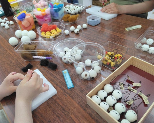 「Felbo」は、色とりどりのフェルトを使い、針やニードルで顔の表情を作るなど、細やかな手作業を重ねて制作されています。多様なメンバーがそれぞれのペースで、丁寧に完成させていきます。
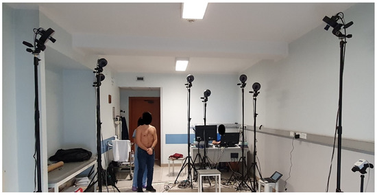 Stereophotogrammetric MoCaps are instruments used in the field of biomechanics in a range of configurations and applications [36]. A MoCap typically consists of two or more cameras with infrared emitters that are able to track the trajectories of a number of photoreflective (active or passive) markers that are placed on a generic moving object [36,37]. When a marker is recorded from the cameras, the tridimensional trajectory can be retrieved from the planar camera frame with a resolution of more than 0.5 mm [12]. In clinical practice, MoCaps are used to investigate several aspects related to gait and posture [38,39,40], to indirectly estimate physiological parameters (e.g., breathing volumes [41,42]) from the 3D chest wall movements and to assess complex shape changes in various application scenarios [43,44].
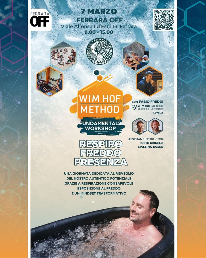 Questo workshop nasce dal desiderio di condividere il Metodo Wim Hof con chi, come noi apneisti, sente che il respiro è una porta di accesso alla consapevolezza. Esploreremo insieme i 3 pilastri del metodo — respirazione, esposizione al freddo e mindset — in modo diretto, sicuro e profondamente esperienziale.
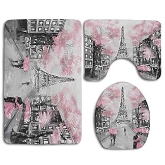 €33,99Produkt kaufenHuayuanhurug Art Paris Street Eiffelturm Pink Floral 3-teiliges Anti-Rutsch-Badteppich-Set für Badezimmer U-förmiger…
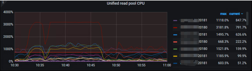 unifired read pool CPU视图中,store_id 是410 的cpu在慢SQL期间值很高。
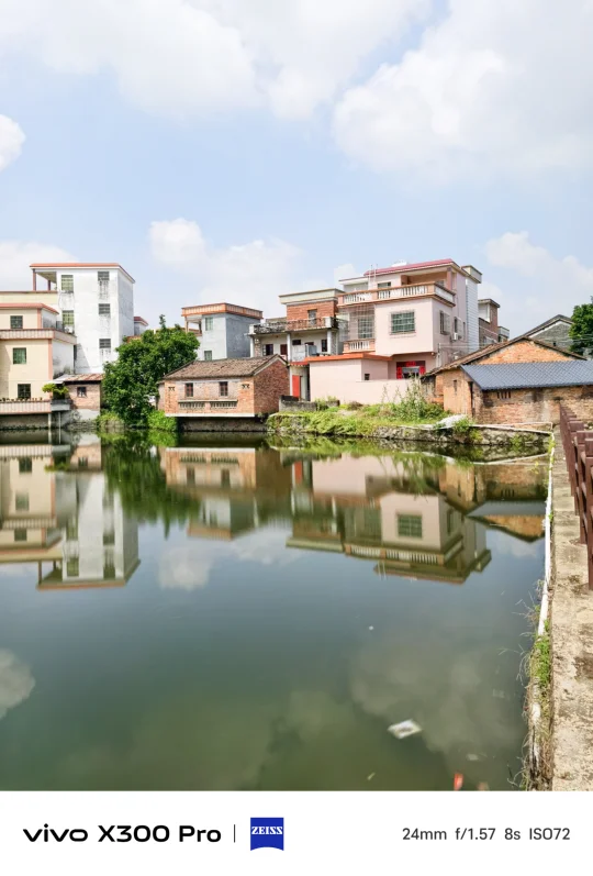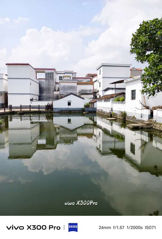 谁懂啊!在云浮还藏着一座“建筑混血”古村,徽派马头墙撞入岭南镬耳群,青砖黛瓦映着池塘波光,不仅有岭南古建筑特色,还有江浙水乡风味,用vivo X300 Pro随手拍都是建筑大片 . 始建于明永乐二年的水东村,是北宋理学家程颢后裔的聚居地,588座明清建筑按八卦布局铺开,被誉为“岭南理学第一村”。最绝的是建筑融合术——寿庵祠的月牙形封火墙是徽派印记,程氏大宗祠的镬耳山墙藏着广府密码,石雕木雕上的神兽纹样在阳光下纹路清晰,随处可见的池塘和大榕树更容易让人记住这个岭南水乡! . 📸摄影器材:vivo X300 Pro 📍位置:广东省云浮市腰古镇水东村 . ✨ 四大出片点亲测: 1. 程氏大宗祠:380年大榕树苍劲挺拔,用超广角聚焦树干纹理,拍出延伸感,“镇祠之宝”的古朴感瞬间凸显(图15) 2. 池塘榕树边:微风袭来,树随影动,使用动态照片模式记录树影与水波的微妙变化(图7-10) 3. 明徵镬耳墙:10倍长焦捕捉砖墙斑驳感,2亿像素镜头拍出每一块墙砖的古朴质感(图5) 4. 池塘居民建筑群:用X300 Pro的“行云流水”慢门拍摄,洁白的墙面在水中的倒影与天空的云彩融为一体(图1-4) 两亿像素超清晰,旅拍何必带相机,vivo X300 Pro的风光镜头里,马头墙的棱角、木雕的细节、古村的烟火气全都装得下。来这走青石板路,感受理学古村的600年时光吧~ .
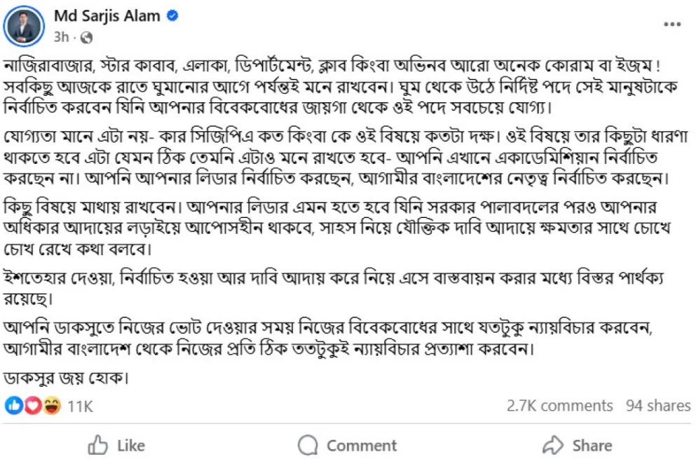 ফেসবুক পোস্টে সারজিস লিখেন, ‘নাজিরাবাজার, স্টার কাবাব, এলাকা, ডিপার্টমেন্ট, ক্লাব কিংবা অভিনব আরও অনেক কোরাম বা ইজম! সবকিছু আজকে রাতে ঘুমানোর আগে পর্যন্তই মনে রাখবেন। ঘুম থেকে উঠে নির্দিষ্ট পদে সেই মানুষটাকে নির্বাচিত করবেন যিনি আপনার বিবেকবোধের জায়গা থেকে ওই পদে সবচেয়ে যোগ্য।’

» **Prompt**: In the listing above, find the line containing "Questo workshop nasce" and the line containing "X300 Pro随手拍都是建筑大片 .", then output those two lines and everything between them exactly as written, without the images.

» **Worked solution**:
 Questo workshop nasce dal desiderio di condividere il Metodo Wim Hof con chi, come noi apneisti, sente che il respiro è una porta di accesso alla consapevolezza. Esploreremo insieme i 3 pilastri del metodo — respirazione, esposizione al freddo e mindset — in modo diretto, sicuro e profondamente esperienziale.
 €33,99Produkt kaufenHuayuanhurug Art Paris Street Eiffelturm Pink Floral 3-teiliges Anti-Rutsch-Badteppich-Set für Badezimmer U-förmiger…
 unifired read pool CPU视图中,store_id 是410 的cpu在慢SQL期间值很高。
 谁懂啊!在云浮还藏着一座“建筑混血”古村,徽派马头墙撞入岭南镬耳群,青砖黛瓦映着池塘波光,不仅有岭南古建筑特色,还有江浙水乡风味,用vivo X300 Pro随手拍都是建筑大片 . 始建于明永乐二年的水东村,是北宋理学家程颢后裔的聚居地,588座明清建筑按八卦布局铺开,被誉为“岭南理学第一村”。最绝的是建筑融合术——寿庵祠的月牙形封火墙是徽派印记,程氏大宗祠的镬耳山墙藏着广府密码,石雕木雕上的神兽纹样在阳光下纹路清晰,随处可见的池塘和大榕树更容易让人记住这个岭南水乡! . 📸摄影器材:vivo X300 Pro 📍位置:广东省云浮市腰古镇水东村 . ✨ 四大出片点亲测: 1. 程氏大宗祠:380年大榕树苍劲挺拔,用超广角聚焦树干纹理,拍出延伸感,“镇祠之宝”的古朴感瞬间凸显(图15) 2. 池塘榕树边:微风袭来,树随影动,使用动态照片模式记录树影与水波的微妙变化(图7-10) 3. 明徵镬耳墙:10倍长焦捕捉砖墙斑驳感,2亿像素镜头拍出每一块墙砖的古朴质感(图5) 4. 池塘居民建筑群:用X300 Pro的“行云流水”慢门拍摄,洁白的墙面在水中的倒影与天空的云彩融为一体(图1-4) 两亿像素超清晰,旅拍何必带相机,vivo X300 Pro的风光镜头里,马头墙的棱角、木雕的细节、古村的烟火气全都装得下。来这走青石板路,感受理学古村的600年时光吧~ .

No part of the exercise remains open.